SOURCE RECORDS:
---+---

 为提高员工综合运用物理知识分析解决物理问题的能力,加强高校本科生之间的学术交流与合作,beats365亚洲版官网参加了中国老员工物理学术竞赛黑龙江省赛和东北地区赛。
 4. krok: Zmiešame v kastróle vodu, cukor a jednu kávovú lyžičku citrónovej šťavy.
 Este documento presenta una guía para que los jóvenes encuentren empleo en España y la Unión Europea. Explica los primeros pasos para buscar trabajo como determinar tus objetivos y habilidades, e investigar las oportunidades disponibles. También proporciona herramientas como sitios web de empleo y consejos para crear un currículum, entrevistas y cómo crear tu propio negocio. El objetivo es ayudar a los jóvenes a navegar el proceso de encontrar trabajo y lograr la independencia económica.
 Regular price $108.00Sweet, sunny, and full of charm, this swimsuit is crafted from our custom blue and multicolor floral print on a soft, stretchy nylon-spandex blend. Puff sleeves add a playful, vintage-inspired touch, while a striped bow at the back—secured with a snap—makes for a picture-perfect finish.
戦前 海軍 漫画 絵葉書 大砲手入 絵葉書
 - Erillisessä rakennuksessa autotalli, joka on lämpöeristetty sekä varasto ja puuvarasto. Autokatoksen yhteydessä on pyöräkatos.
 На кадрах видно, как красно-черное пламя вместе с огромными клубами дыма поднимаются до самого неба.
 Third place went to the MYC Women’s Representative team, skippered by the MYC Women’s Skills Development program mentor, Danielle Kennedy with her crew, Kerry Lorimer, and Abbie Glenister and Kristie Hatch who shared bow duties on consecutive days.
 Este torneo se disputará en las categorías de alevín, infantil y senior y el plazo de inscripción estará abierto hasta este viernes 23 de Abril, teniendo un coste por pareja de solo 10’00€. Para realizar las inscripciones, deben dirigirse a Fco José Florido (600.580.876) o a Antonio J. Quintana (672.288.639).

---+---

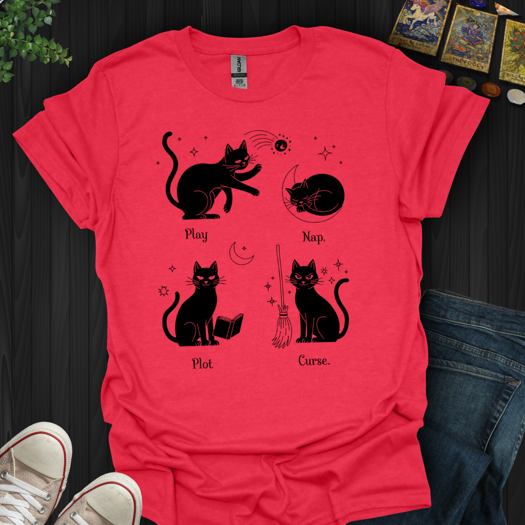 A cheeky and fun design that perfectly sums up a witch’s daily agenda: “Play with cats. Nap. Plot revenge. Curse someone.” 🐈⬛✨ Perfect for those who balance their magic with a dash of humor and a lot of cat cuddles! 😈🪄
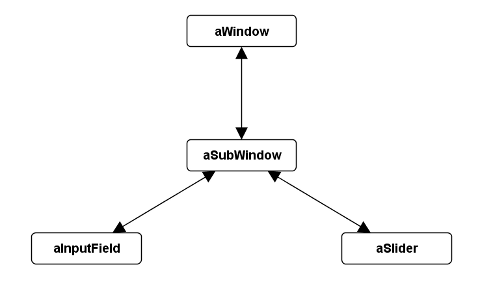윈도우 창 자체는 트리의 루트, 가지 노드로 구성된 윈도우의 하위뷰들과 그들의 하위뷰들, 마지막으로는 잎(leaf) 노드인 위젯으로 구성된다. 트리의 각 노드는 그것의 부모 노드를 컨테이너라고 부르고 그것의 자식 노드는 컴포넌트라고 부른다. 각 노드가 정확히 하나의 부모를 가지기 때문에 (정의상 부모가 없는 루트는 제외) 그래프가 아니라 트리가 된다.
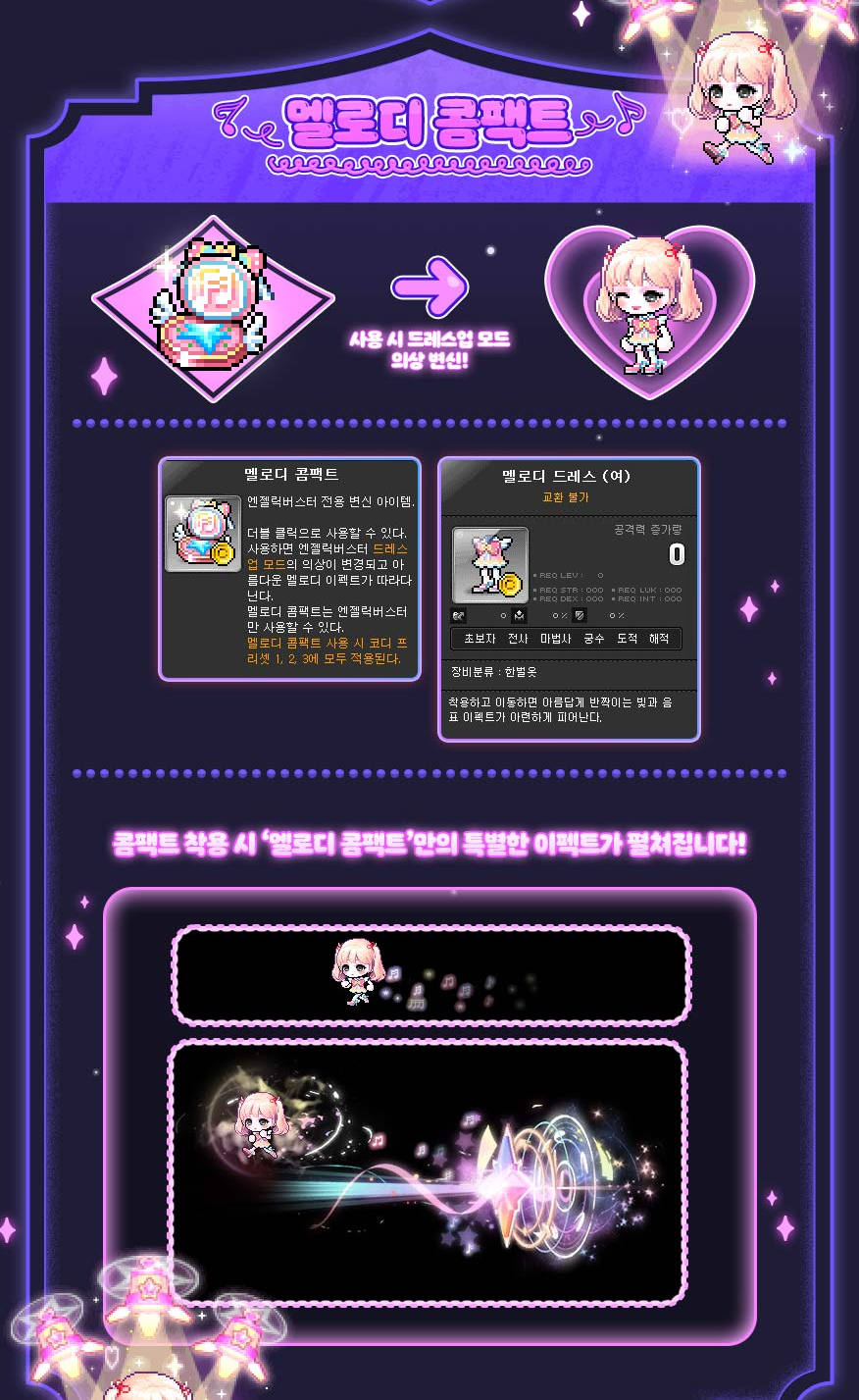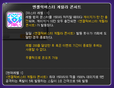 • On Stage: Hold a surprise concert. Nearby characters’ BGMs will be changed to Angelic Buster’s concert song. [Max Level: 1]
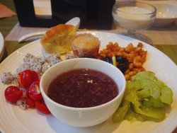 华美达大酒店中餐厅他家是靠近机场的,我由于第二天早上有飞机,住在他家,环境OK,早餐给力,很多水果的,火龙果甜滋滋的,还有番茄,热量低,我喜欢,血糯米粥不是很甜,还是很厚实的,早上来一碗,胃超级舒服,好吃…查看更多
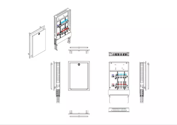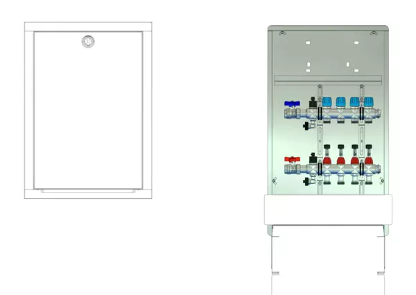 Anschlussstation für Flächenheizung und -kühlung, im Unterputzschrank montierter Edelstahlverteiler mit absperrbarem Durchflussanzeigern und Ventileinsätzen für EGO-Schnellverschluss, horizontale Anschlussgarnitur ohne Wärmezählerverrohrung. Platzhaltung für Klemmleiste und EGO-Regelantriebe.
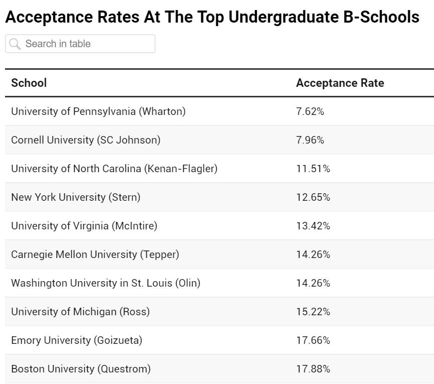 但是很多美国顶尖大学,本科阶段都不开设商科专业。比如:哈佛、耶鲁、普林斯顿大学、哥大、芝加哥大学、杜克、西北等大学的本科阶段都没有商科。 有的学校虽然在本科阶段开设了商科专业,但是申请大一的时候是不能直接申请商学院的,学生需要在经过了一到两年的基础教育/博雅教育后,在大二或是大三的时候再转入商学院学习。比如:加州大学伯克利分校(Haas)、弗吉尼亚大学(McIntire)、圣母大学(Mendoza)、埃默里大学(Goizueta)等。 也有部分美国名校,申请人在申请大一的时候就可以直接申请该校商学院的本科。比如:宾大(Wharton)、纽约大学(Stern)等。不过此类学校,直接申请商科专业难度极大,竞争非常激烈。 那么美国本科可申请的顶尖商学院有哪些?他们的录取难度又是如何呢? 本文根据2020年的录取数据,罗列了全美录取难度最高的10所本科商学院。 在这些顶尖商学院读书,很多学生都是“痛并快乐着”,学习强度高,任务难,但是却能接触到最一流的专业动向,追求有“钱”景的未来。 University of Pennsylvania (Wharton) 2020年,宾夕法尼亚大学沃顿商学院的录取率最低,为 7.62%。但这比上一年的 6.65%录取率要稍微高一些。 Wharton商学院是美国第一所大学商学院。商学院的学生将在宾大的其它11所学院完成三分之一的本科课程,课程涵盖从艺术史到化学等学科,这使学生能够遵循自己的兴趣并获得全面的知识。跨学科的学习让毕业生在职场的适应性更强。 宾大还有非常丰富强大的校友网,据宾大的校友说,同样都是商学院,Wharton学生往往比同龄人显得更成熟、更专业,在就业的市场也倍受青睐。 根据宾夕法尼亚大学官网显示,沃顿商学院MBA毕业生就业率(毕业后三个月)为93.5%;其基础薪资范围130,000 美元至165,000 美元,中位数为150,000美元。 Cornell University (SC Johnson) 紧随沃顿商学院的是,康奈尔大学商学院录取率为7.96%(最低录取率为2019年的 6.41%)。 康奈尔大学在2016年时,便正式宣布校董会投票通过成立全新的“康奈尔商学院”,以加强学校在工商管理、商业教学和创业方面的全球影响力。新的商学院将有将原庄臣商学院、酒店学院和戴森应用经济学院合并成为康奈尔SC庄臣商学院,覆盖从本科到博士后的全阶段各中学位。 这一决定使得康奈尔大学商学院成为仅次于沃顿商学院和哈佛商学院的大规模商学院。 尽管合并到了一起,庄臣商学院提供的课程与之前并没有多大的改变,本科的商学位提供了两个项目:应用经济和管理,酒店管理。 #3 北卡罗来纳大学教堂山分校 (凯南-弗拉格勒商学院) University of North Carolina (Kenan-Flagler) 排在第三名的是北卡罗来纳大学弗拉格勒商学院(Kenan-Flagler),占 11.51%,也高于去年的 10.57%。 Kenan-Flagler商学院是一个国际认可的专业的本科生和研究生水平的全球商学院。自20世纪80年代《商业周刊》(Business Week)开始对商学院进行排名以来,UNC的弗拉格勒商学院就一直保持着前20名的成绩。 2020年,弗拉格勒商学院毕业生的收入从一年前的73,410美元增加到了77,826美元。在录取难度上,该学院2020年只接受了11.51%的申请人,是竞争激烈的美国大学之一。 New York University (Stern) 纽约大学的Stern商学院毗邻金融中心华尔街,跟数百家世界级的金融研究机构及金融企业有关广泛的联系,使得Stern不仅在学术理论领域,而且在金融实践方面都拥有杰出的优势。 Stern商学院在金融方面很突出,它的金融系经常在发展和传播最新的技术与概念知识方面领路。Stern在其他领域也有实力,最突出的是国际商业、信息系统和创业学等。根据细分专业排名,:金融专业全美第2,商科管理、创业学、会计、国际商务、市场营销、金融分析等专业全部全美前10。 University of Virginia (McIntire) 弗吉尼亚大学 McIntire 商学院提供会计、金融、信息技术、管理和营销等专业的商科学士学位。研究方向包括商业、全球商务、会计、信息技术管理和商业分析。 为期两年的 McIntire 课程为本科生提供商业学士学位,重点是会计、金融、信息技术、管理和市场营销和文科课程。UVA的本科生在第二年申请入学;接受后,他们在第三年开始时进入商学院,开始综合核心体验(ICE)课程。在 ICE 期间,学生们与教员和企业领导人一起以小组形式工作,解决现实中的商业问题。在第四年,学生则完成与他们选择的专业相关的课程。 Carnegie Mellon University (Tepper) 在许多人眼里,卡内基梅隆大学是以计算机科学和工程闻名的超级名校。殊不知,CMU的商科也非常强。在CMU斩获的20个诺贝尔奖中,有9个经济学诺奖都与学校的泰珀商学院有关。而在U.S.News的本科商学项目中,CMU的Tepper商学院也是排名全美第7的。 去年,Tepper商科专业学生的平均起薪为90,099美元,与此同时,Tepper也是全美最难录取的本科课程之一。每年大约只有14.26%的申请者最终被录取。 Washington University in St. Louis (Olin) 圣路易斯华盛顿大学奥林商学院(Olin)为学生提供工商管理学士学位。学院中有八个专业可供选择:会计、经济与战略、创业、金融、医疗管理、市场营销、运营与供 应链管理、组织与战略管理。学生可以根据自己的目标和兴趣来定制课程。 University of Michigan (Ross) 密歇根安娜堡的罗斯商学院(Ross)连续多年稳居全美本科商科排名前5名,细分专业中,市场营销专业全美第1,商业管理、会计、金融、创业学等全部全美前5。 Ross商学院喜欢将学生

---+---

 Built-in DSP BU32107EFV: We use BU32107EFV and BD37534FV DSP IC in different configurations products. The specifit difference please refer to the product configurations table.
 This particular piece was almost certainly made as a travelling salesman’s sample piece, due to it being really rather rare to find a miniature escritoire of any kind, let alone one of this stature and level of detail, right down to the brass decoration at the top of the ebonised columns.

---+---

YOUR ASSIGNMENT: State the number of lines in the data above containing the string "this" and nothing more.

YOUR RESPONSE: 2